Enclosed combustion built for a landfill gas field's changing flow and gas chemistry

CRA’s Landfill Gas Flares are engineered for the operating realities of a municipal solid waste site, where gas flow falls steadily as a cell ages and composition shifts with moisture, hydrogen sulphide, and siloxane content. High turndown ratios keep combustion stable from early peak generation through decades of gradual decline. Corrosion-resistant material selection protects the flare stack and internals against H2S and moisture attack, extending service life without added maintenance.

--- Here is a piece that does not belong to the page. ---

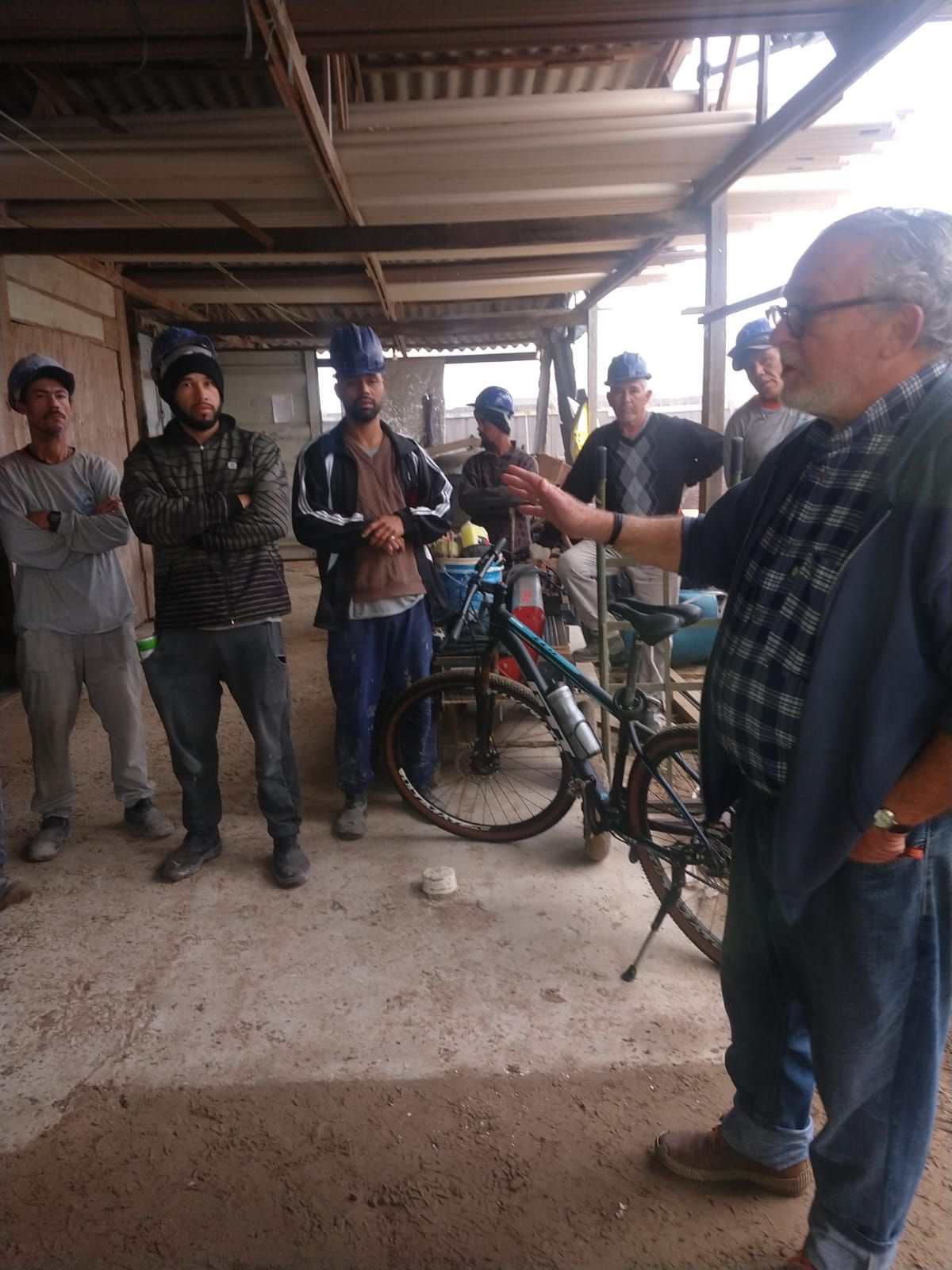 No trabalho de contato com TRABALHADORES nos locais das obras, para conversar, debater e distribuir o BOLETIM da Entidade.

Integrated odour and VOC control keeps the system compliant as landfill gas composition changes over the site's operating life.

Destruction Efficiency

>98%

Turndown Ratio

100:1

Construction

Corrosion-resistant, site-matched

Standards

EPA NSPS/EG, API 537

Technology explained

What is a Landfill Gas Flare?

A landfill gas flare is an enclosed, refractory-lined combustion unit that destroys methane, hydrogen sulphide, and other odorous compounds generated by decomposing municipal solid waste, using stable ground-level combustion tuned for gas flow that changes significantly over a landfill's operating life.

How it works

Landfill gas enters the chamber through a control valve and distributes across multiple burners sized for stable combustion despite changing flow and gas composition, fully contained within a refractory-lined enclosure built with materials selected for H2S and moisture resistance.

1
Gas Distribution

Landfill gas enters through a control valve and distributes across multiple burners engineered for stable combustion at varying flow rates.

2
Combustion Air Supply

Combustion air enters through controlled inlets at the chamber base, supplying burners evenly across the chamber regardless of load.

3
Thermal Containment

Refractory lining holds combustion temperature above the threshold required for high destruction efficiency, keeping the outer shell cool to the touch.

4
Corrosion-Resistant Construction

Stack and internal components use alloys and coatings selected for the H2S, moisture, and siloxane content typical of landfill gas, extending service life against corrosion.

5
Automated Turndown Control

An automated control system modulates gas flow from a landfill's peak generation years through its long decline, without manual resizing.

Key Benefits

Here’s how they keep your operations safe, efficient, and

1
Engineered for High Turndown

Stable combustion from a landfill's peak gas generation years through its long decline, without re-sizing or retrofitting the flare.

2
Handles Variable, Real-Time Flow

Automated flow and vacuum control absorb daily and seasonal swings in gas volume across the well field without flame instability.

3
Corrosion-Resistant Construction

Material selection accounts for H2S, moisture, and siloxane exposure inherent to landfill gas, protecting the stack and internals against premature corrosion.

4
Odour and VOC Control

Combustion is tuned for the mixed odorous compounds typical of decomposing waste, reducing hydrogen sulphide, mercaptans, and non-methane organic compounds at the source.

5
Regulatory Compliance

Meets EPA NSPS/EG landfill gas control requirements and international destruction efficiency standards for municipal solid waste sites.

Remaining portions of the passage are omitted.